**EXERCISE BRIEF**
From the line containing "of focal myocarditis" down to the line containing "Set Baju Celana", copy out the entries below exactly, both lines included, and nothing else; pictures do not belong in the copy.

**DATA SUPPLIED**
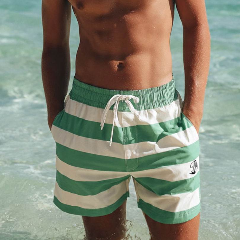 Shorts de plage rayés OEM pour hommes, imprimés, légers, 100 % polyester, séchage rapide, avec cordon de serrage à la taille
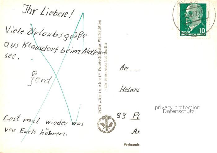 73593362 alte Postkarte Klausdorf Mellensee Gaststaette Terrasse Badestrand postalisch gelaufen Erhaltung siehe scans [FriedD77] KatCode: 11110012072002
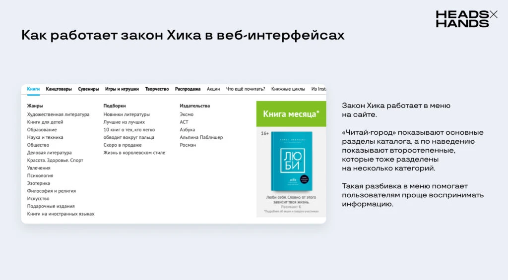 Закон Хика часто применяется при проектировании меню на сайтах так: выделяют крупные, основные разделы товаров или услуг, а внутрь них помещают мелкие, уточняющие разделы.
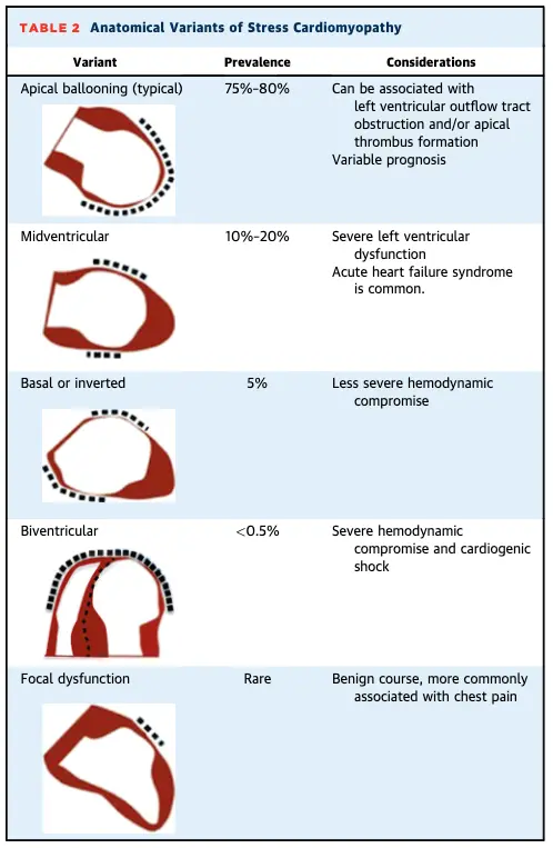 • Other rare variants include biventricular dysfunction and isolated right ventricular (RV) compromise, which are associated with severe hemodynamic compromise and shock, and localized focal dysfunction that are more benign in nature and resemble cases of focal myocarditis
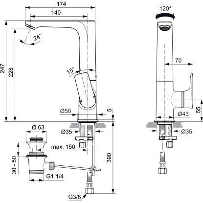 Schwenkbereicher vom Auslauf: 70 Grad, 120 Grad, 360 Grad
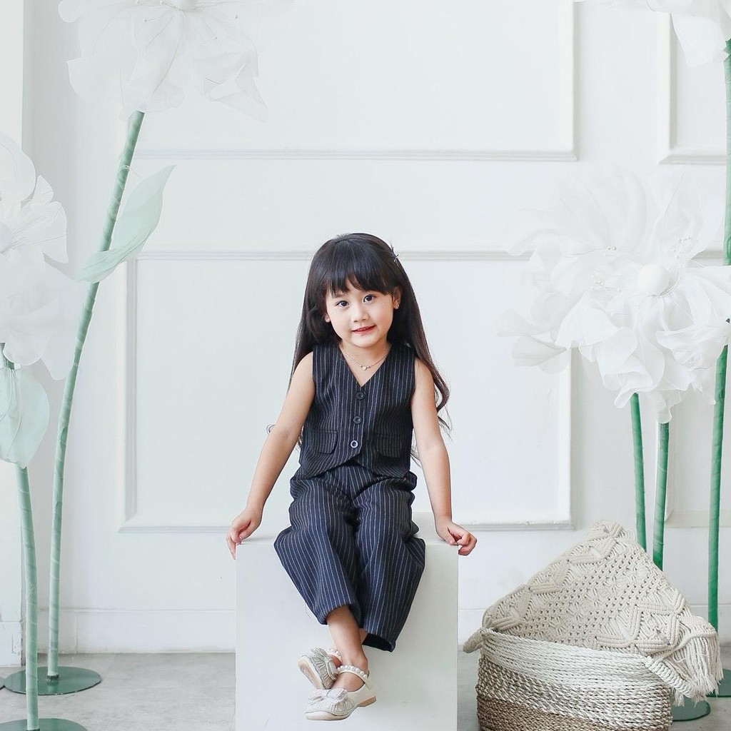 Set Baju Celana Anak Perempuan Korean Style Stelan Valentina Semiwool Usia 1-6th Celvekids -
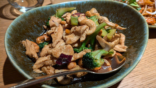 What a great asset for Amstelveen! It's located in a residential area, on the ground floor of a snazzy apartment building. The advantage is that it's easy to park if coming by car, and there is a terrace outside in between buildings (and not on the sidewalk with streets passing by). I had one of the freshest pad thai, reminiscent of my favourite place in Thailand, and favourite Thai resident in the River area of Amsterdam (Kong Kha), I've had since. My husband had a stir-fried duck breast with black mushrooms (Chinese cuisine also uses this one, it's called something with "ears"). The interior is light, tastefully and nicely done, we had a table next to a nice bamboo plant. The wine list is sympathetic, with wines from different regions/countries across a good price spectrum. We had the Kai mix as a starter (really yum crab cakes and super fresh rolls) for two, and dessert: sticky (warm) rice with mango and coconut ice cream - both yum! Service is attentive and welcoming. In short: we will be back and on a sunny day, we plan to come over for lunch or dinner on the...
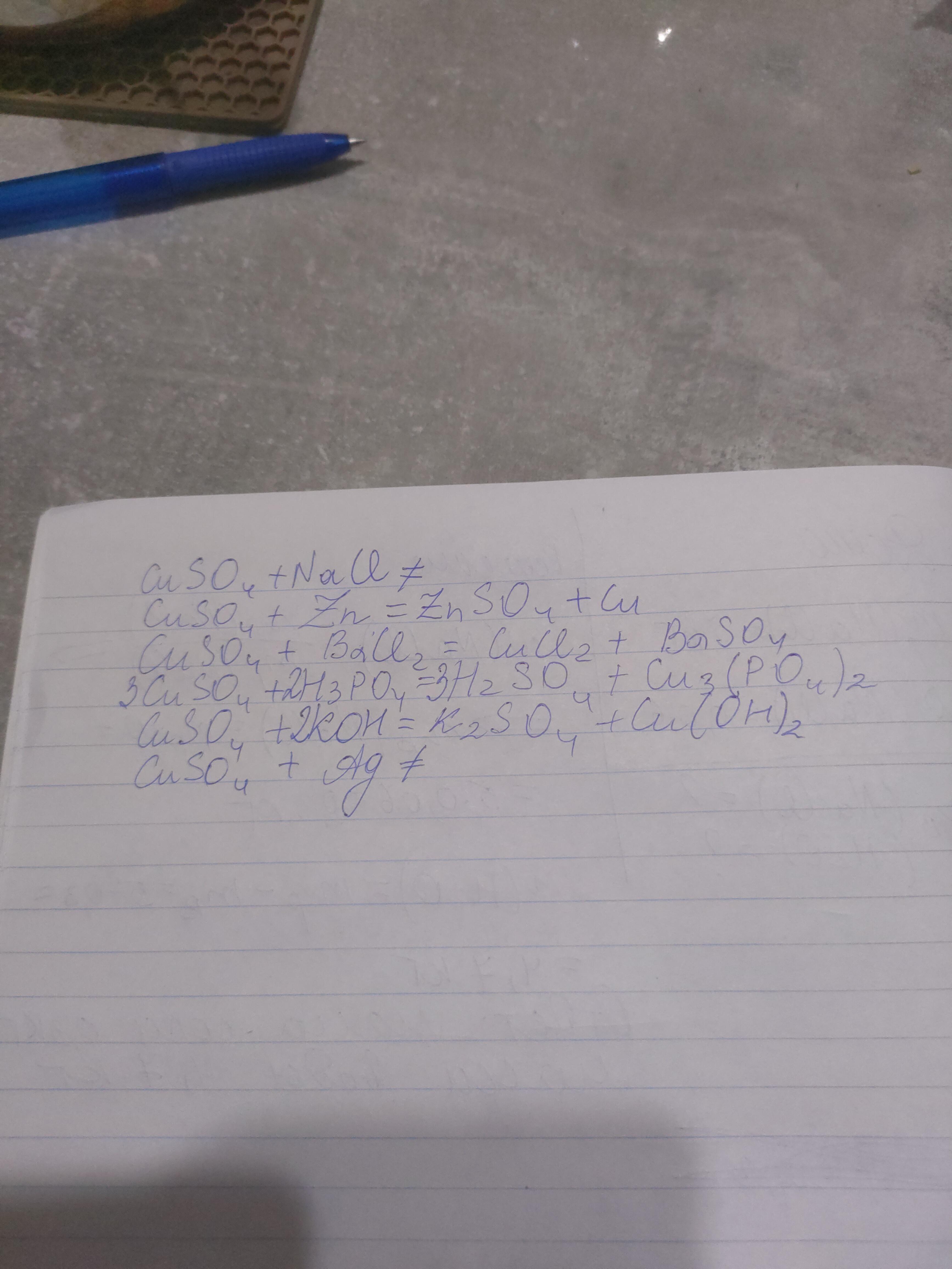 Ответ:перечеркнутый знак равенства значит реакция не идет
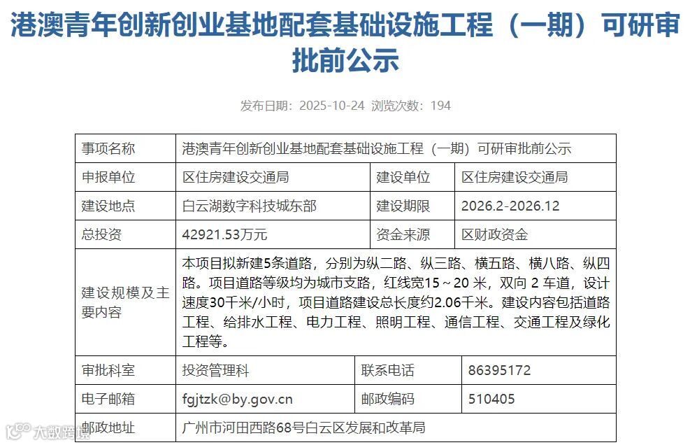 近期,区住房建设交通局正式对港澳青年创新创业基地配套基础设施工程(一期) 进行可行性研究报告审批前公示。这意味着,白云湖数字科技城东部区域的路网将迎来重要升级,为基地发展注入强劲动力。
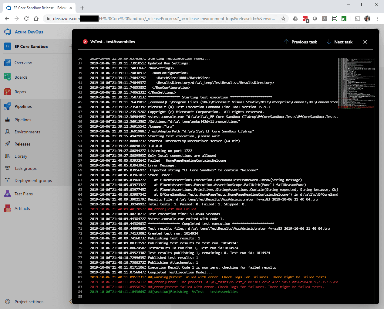 As youd expect we can see that the test failed with the message: Expected string "EF Core Sandbox" to contain "Welcome".
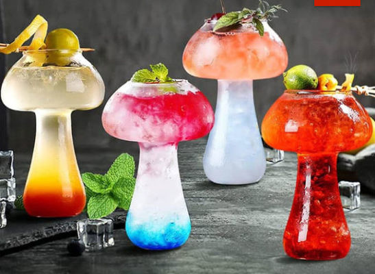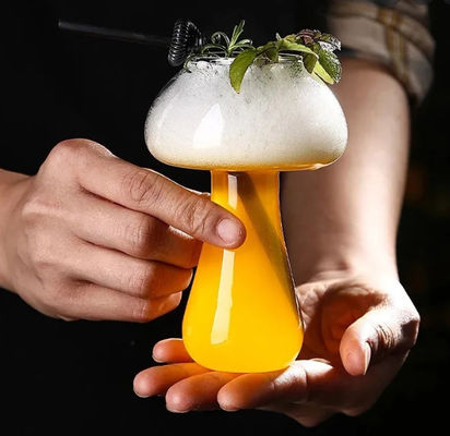 बार स्टोर कॉकटेल कांच की बोतल के लिए नया 285ml अद्वितीय पारदर्शी मशरूम आकार का पेय
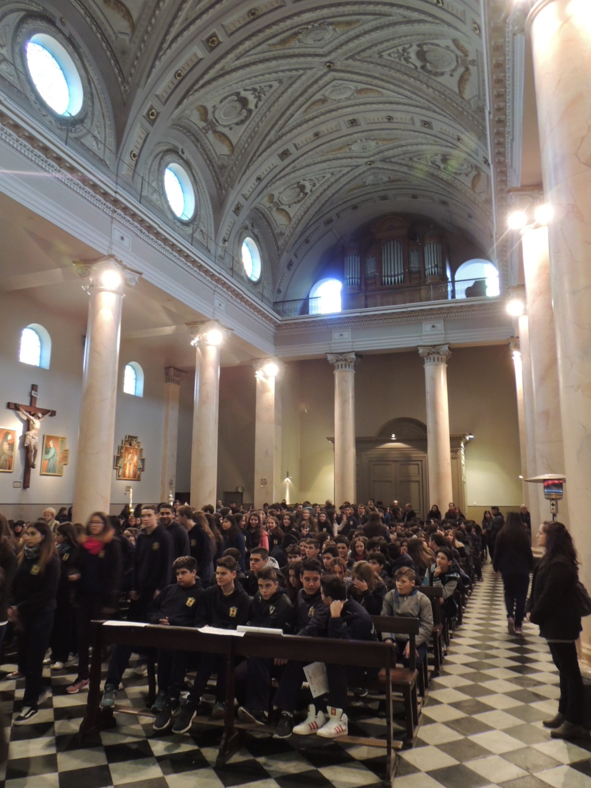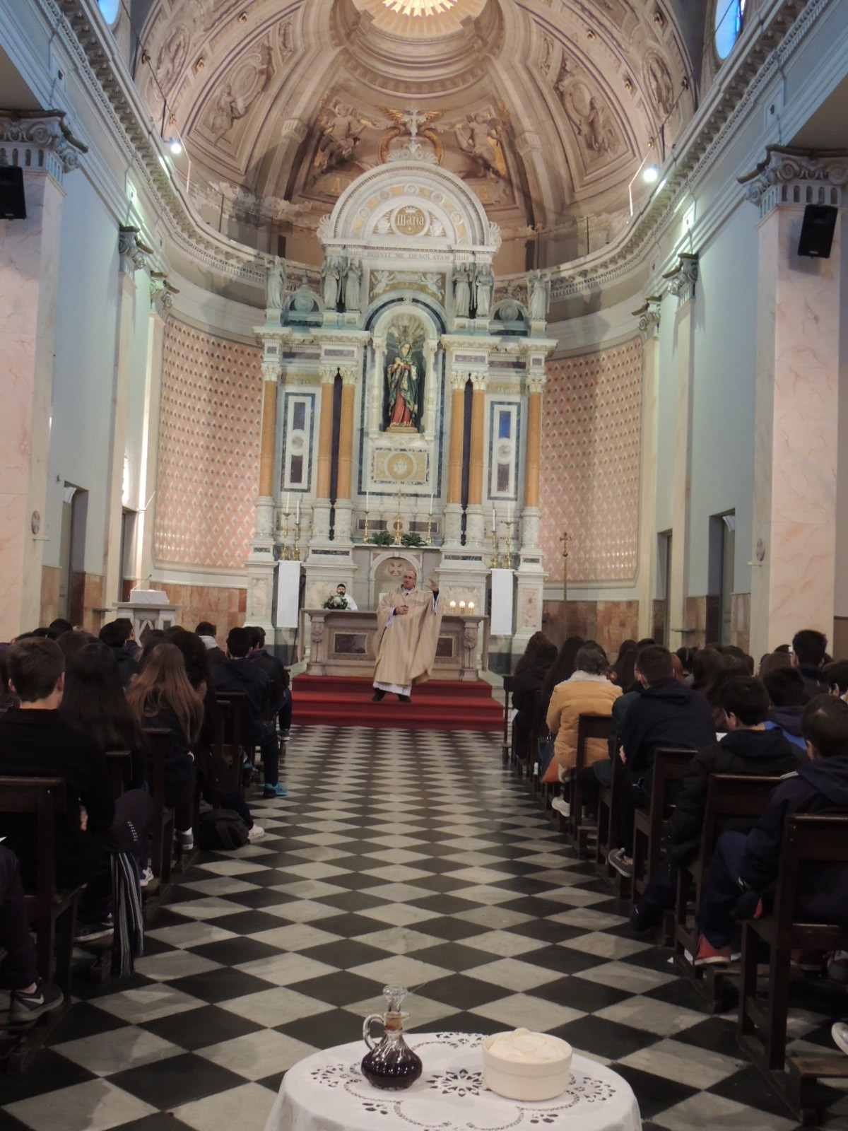 Luego, todos los docentes y funcionarios juntos, participaron de la Misa en el templo parroquial. En esta ocasión nos acompañó el Padre Fabián Silveira, Vicario de Educación de nuestra arquidiócesis. En la Misa tuvimos la oportunidad de pedir y agradecer por todos los acontecimientos y situaciones vividos personal y comunitariamente en este último año. Luego de la Misa y de la tradicional “foto de familia”, nos dirigimos nuevamente al Colegio, al Salón Hermano Avelino.

**RESPONSE BOX**
 • Other rare variants include biventricular dysfunction and isolated right ventricular (RV) compromise, which are associated with severe hemodynamic compromise and shock, and localized focal dysfunction that are more benign in nature and resemble cases of focal myocarditis
 Schwenkbereicher vom Auslauf: 70 Grad, 120 Grad, 360 Grad
 Set Baju Celana Anak Perempuan Korean Style Stelan Valentina Semiwool Usia 1-6th Celvekids -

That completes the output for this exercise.